Revisiting Zurichs 90s Techno Scene In Pictures
Zurich quickly embraced techno, and by the time the music reached its peak in the 1990s, the city had become the genre's leading destination in Europe. Techno parties started as one-off events in basements and warehouses before developing into a regular club scene with a regular program of events.
The Swiss city's techno scene was shaped by the Street Parade, launched in 1992 as a "demonstration of freedom of love, generosity and tolerance". Starting with fewer than 1,000 attendees, they have grown steadily to attract more than a million visitors each year, three times the city's population.
Photographer Jules Spinach photographed individuals and small groups at fashion shows in the mid-1990s, often on the fringes of moving crowds.
Spinach says, “This film was about people finding their lost individuality among people. Because even many black people go gray as a mass from afar. This isolation stops time, removes some of the flow of movement, and creates air and distance from the action.
The current installation of the photographer's works is conceived as a parade of images and personalities in the form of a multi-channel slide show.

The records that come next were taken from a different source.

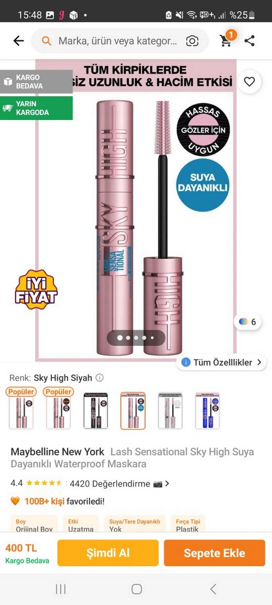 Maybelline Sky High Suya Dayanıklı Maskara
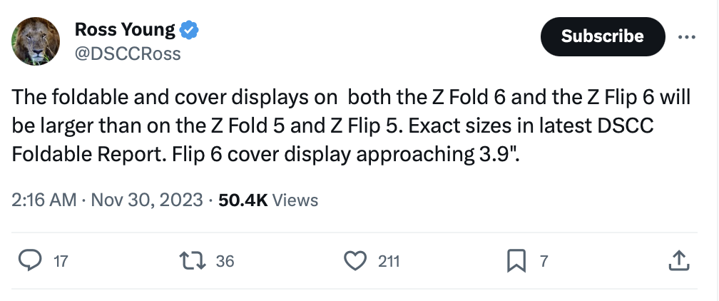 Igeekphone November 30 news, digital blogger Ross Young posted a post on the X platform today, claiming that Samsung will increase the screen size of its Galaxy Z series folding screen mobile phones next year, he did not provide the size of the Galaxy Z Fold6, However, it is claimed that the Galaxy Z Flip6’s secondary screen size will be expanded to 3.9 inches.
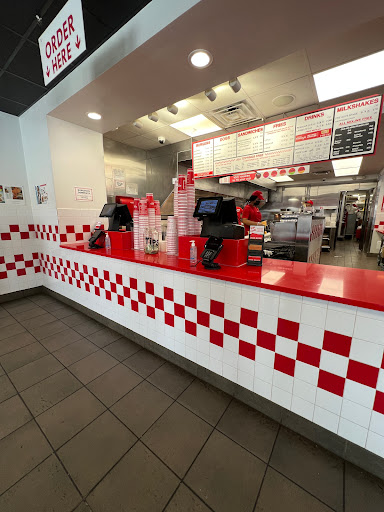 There is always something at this place. Cash only we were told yesterday. We are out of fries last week? Even if they or not busy and there is no line, there is a wait. I have been to a few Five Guys Burgers and the food is pretty much the same everywhere and this location is no exception.
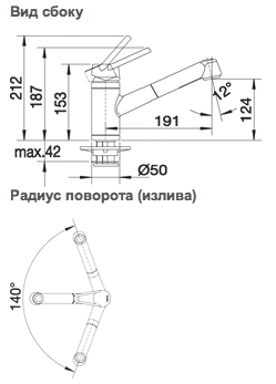 Схема встраивания для смесителя Blanco ACTIS-S SILGRANIT 517631

"The photos were taken at a time when many things were changing, and not just in Zurich. Once the Cold War was over, boring Zurich became a festival city: livelier, louder, more international, more dense. The parade the street was its expression and had a political dimension.
“[The councils] preached peace and tolerance and spread it with fun, hedonism and lightness, not ideologically, unlike today. But what is protest and celebration? How much is activism or escapism worth?
“I had the wonderful feeling of participating in something new. But at the same time I was no longer interested in photographing the protests, nor the crowd as a dance floor, nor the power of the political movement in the photo. On the sidelines of the event, who embodied these ideas with their presence and style.
after promoting the ballot
“Often the person I was photographing looked at the camera at the same time, but the facial expression had not yet responded to me to capture an unexpected look, a look that would surprise me and the person I was photographing.
"Today, almost 30 years later, it seems that people look to the future with an uncertain image of the past, which we visitors to the exhibition know and do not yet know. At the same time, we look back at time, in front of their faces, as if we are trying to answer their questions. In this way we establish contact with our past. Reconnect with your past.
“The first year I was taking photos, it seemed like everyone was dancing on or around the cars. From 1996 to 1997, when the number of visitors went from 150,000 to 475,000, I felt a clear change. The parade turned into a spectacle, with spectators watching the love machines pass by, dividing participants into spectators and activists.
«This transition from politics to entertainment was perhaps the prerequisite for the Street Parade and Zurich's technoculture to become part of the UNESCO intangible cultural heritage. And in 2017 the Federal Ministry of Culture included it in the list of living Swiss traditions.
"One might ask: which Swiss tradition is this, that of the neutral spectator or that of the participant?